转底炉平焰烧嘴燃烧过程的数值模拟

doi:10.12034/j.issn.1009-606X.216135

过程工程学报 ›› 2017, Vol. 17 ›› Issue (3): 512-519.DOI: 10.12034/j.issn.1009-606X.216135

转底炉平焰烧嘴燃烧过程的数值模拟

刘雨，仇灝，刘和平^*

钢铁研究总院先进钢铁流程及材料国家重点实验室，北京 100081

收稿日期:2016-02-15 修回日期:2016-11-10 出版日期:2017-06-20 发布日期:2017-06-14
通讯作者: 刘雨 liuyu_901008@163.com

Numerical Simulation of the Combustion in a Flat Burner on the Rotary Hearth

Yu LIU, Hao QIU, Heping LIU^*

State Key Laboratory of Advanced Steel Processes and Products, Central Iron & Steel Research Institute, Beijing 100081, China

Received:2016-02-15 Revised:2016-11-10 Online:2017-06-20 Published:2017-06-14
Contact: Yu Liu liuyu_901008@163.com

摘要/Abstract

摘要：

分别采用涡耗散模型和非预混燃烧模型模拟烧嘴内的燃烧条件. 结果表明，增加煤气喷入速度和降低空气喷入速度，C_xH_y, CO和H₂的消耗速率及CO₂和H₂O的生成速率减小，火焰长度增加. 相同计算条件下，采用涡耗散模型计算的高温区域比非预混燃烧模型计算的高温区域集中；煤气喷入速度增加，涡耗散模型计算的回流区域减小，空气喷入速度增加，回流区域略有增加,煤气喷入速度和空气喷入速度变化对非预混燃烧模型计算的回流区域无影响. 涡耗散模型预测流场分布更准确，非预混燃烧模型预测温度分布更准确.

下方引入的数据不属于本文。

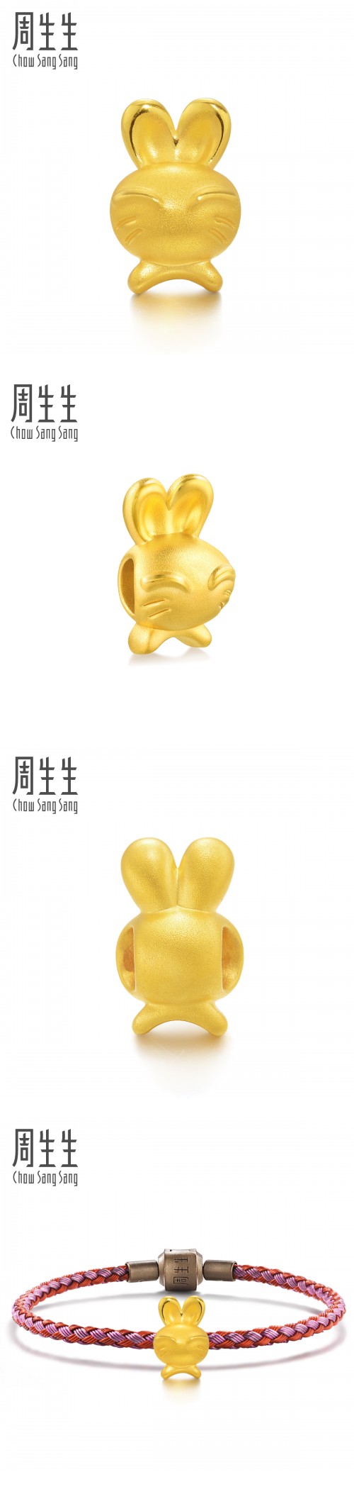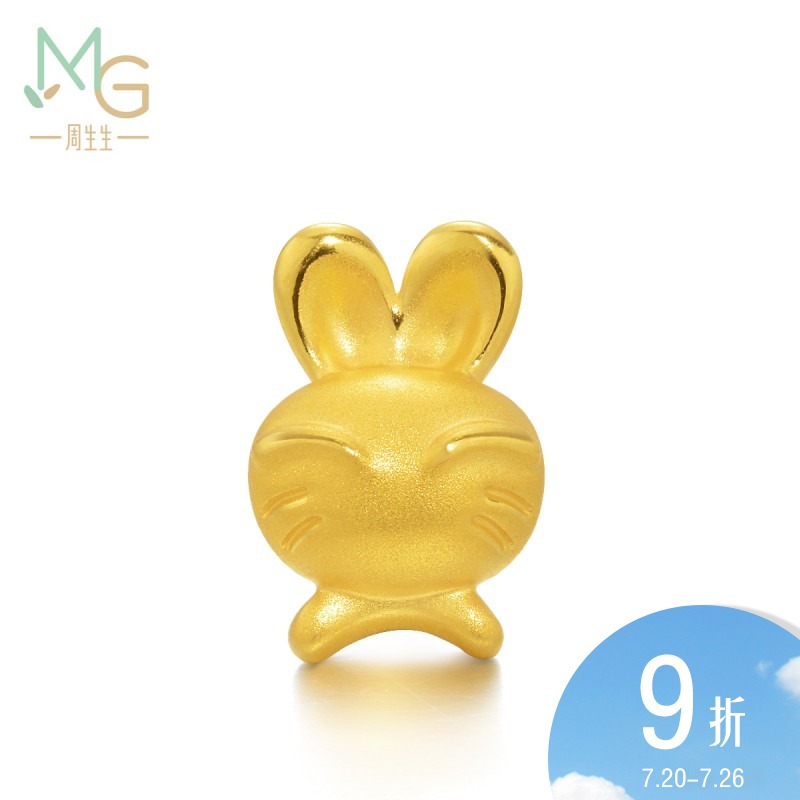 周生生 Золотой кролик, браслет с одной бусиной, оберег на день рождения с бусинами, китайский гороскоп, 3D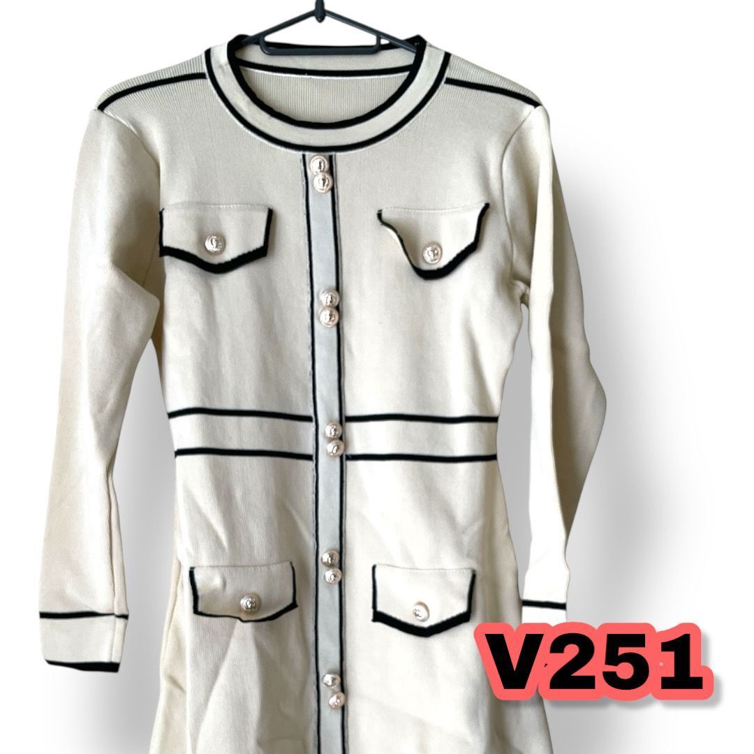 - [UQQA] パイピング ニット ワンピース 袖あり 上品 軽量 似合う 女の子 流行り 20代 結婚式 人気 着まわし 女装 低身長 メ 管理V251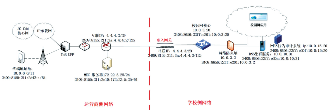 校园5G专网(图2)的设计由学校与运营商协同进行IPv6网络规划,终端手机全面支持IPv6/IPv4双栈网络接入,在运营商侧的MEC服务器和学校侧服务器应用也同时支持IPv6/IPv4双栈访问。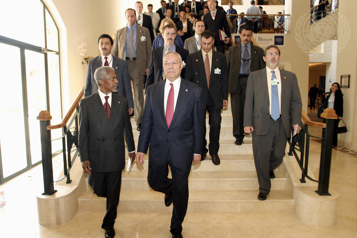 Secretary-General Kofi Annan (left), speaks with Colin Powell, Secretary of State of the United States, on their way to the Quartet meeting.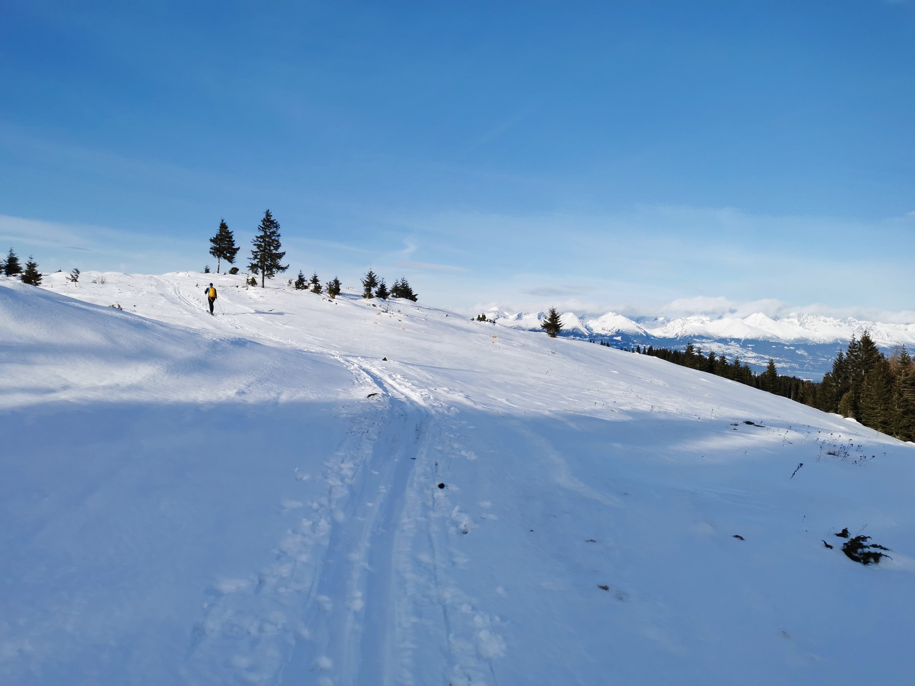 To sa už ale preberám zo sna a za neustáleho parádneho výhľadu na Tatry dávame dole pásy a lyžujeme späť po ešte neupravenom svahu lyžiarskeho strediska dole na parkovisko až ku autu. Znalci už o tomto mieste vedia, je to veľký kontrast oproti Tatrám na ktoré sme mali zhora pekné výhľady. Pre ľudí ubytovaných v tatranskom podhorí je Teplička výbornou alternatívou ku kolóne áut vedúcej do Tatier ;)
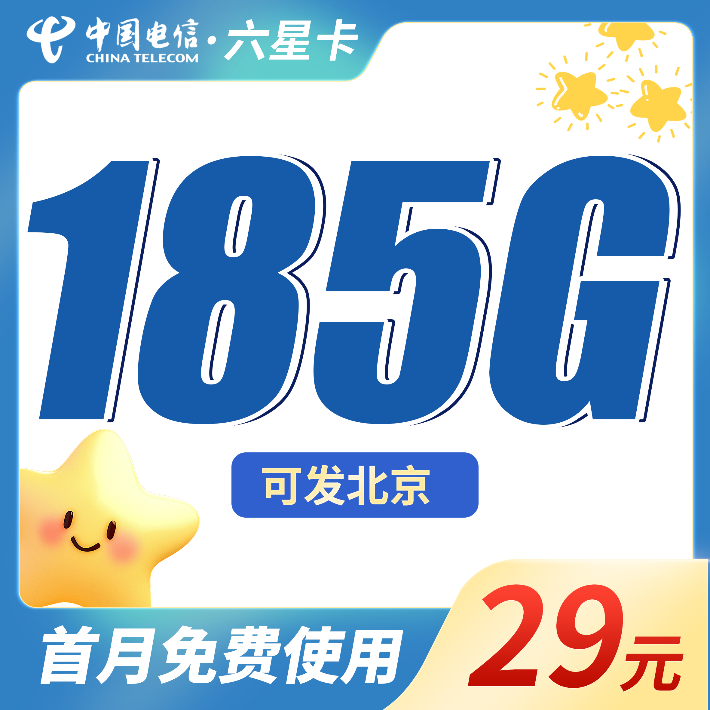 - 首月免费;充值50元2-6月为29月租,充值100元首年为29元;首月流量为80G,激活70天后叠加流量至185G,有效期24个月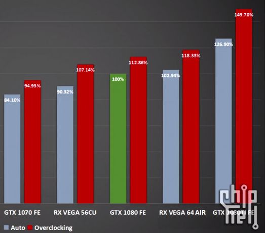 The version of Radeon RX Vega 64 with air cooling system, according to this source, is slightly faster than the GeForce GTX 1080. In principle, this is a good deal, because it was previously expected that the new AMD will be located between the GeForce GTX 1070 and GeForce GTX 1080.
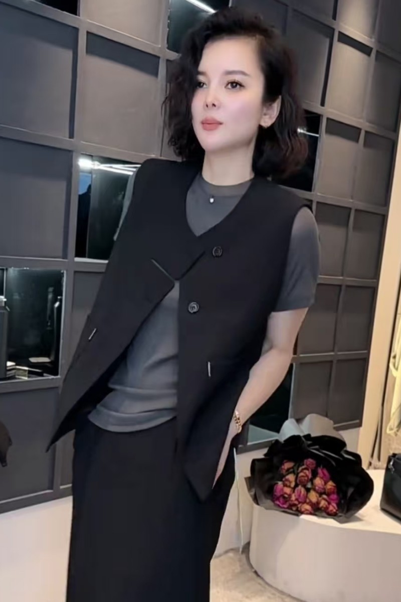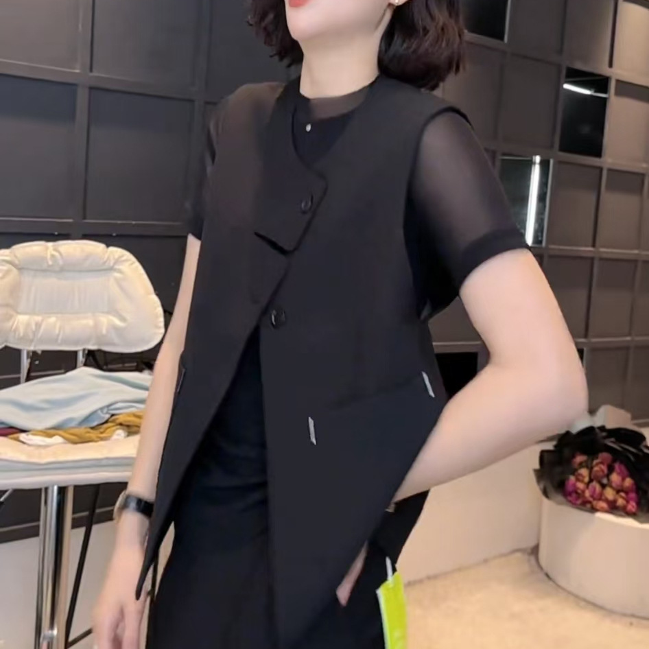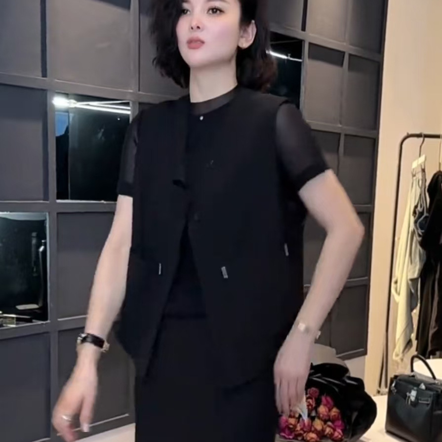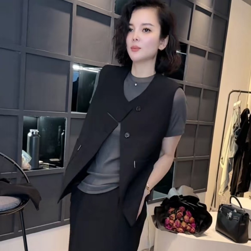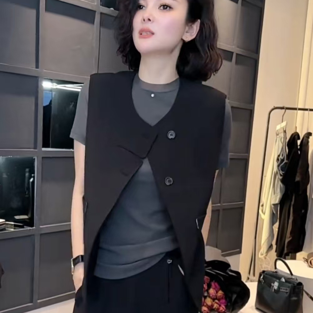 짧은 세트 조끼 여성의 2025 봄 새로운 디자인 센스 틈새 의상 쌓인 인터넷 축하 웨이스트 코트 조끼스토어 가기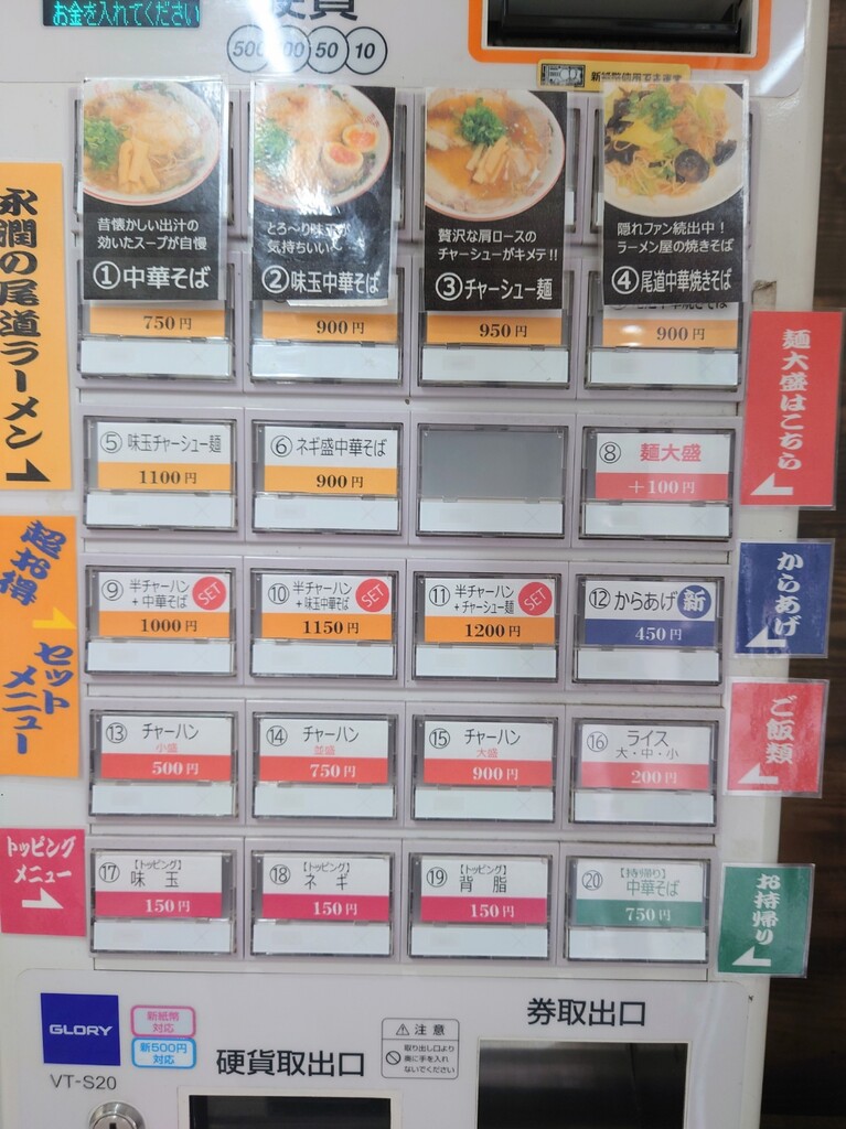 ↑今回は「中華そば」¥750と「麺大盛」¥100の食券を購入します(^^)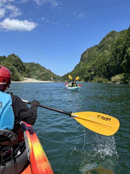 古座川カヤックは、天気も良く、とても気持ちよく体験しています!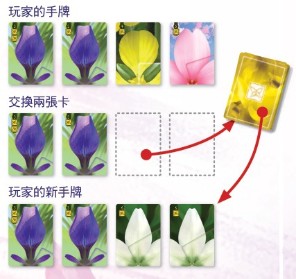 玩家從自己牌庫抽牌或攤開的野生花瓣區補牌

关键词: 转底炉, 烧嘴, 数值模拟, 涡耗散模型, 非预混燃烧模型

Abstract:

The combustion condition of the burner was calculated by the eddy dissipation model and the non-premixed combustion model respectively. The results showed that when the velocity of coal gas injection increases or the velocity of air injection decreased, each consumption rate of C_xH_y, CO and H₂ reduced, and each production rate of CO₂ and H₂O also reduced, and the length of the flame adds. The area of the highest temperature calculated by the eddy dissipation model was more concentrated than that by non-premixed combustion model. With the velocity of coal gas injection increasing, the area of backflow region calculated by eddy dissipation model reduced, the velocity of air injection increasing, the area of backflow region increasing slightly. Both the velocities change of coal gas injection and air injection had no influence on the area of backflow region calculated by non-premixed model. Comparing the calculation results of two models, the flow field calculated by eddy dissipation model was more accurate, the temperature field calculated by non-premixed model was more accurate instead.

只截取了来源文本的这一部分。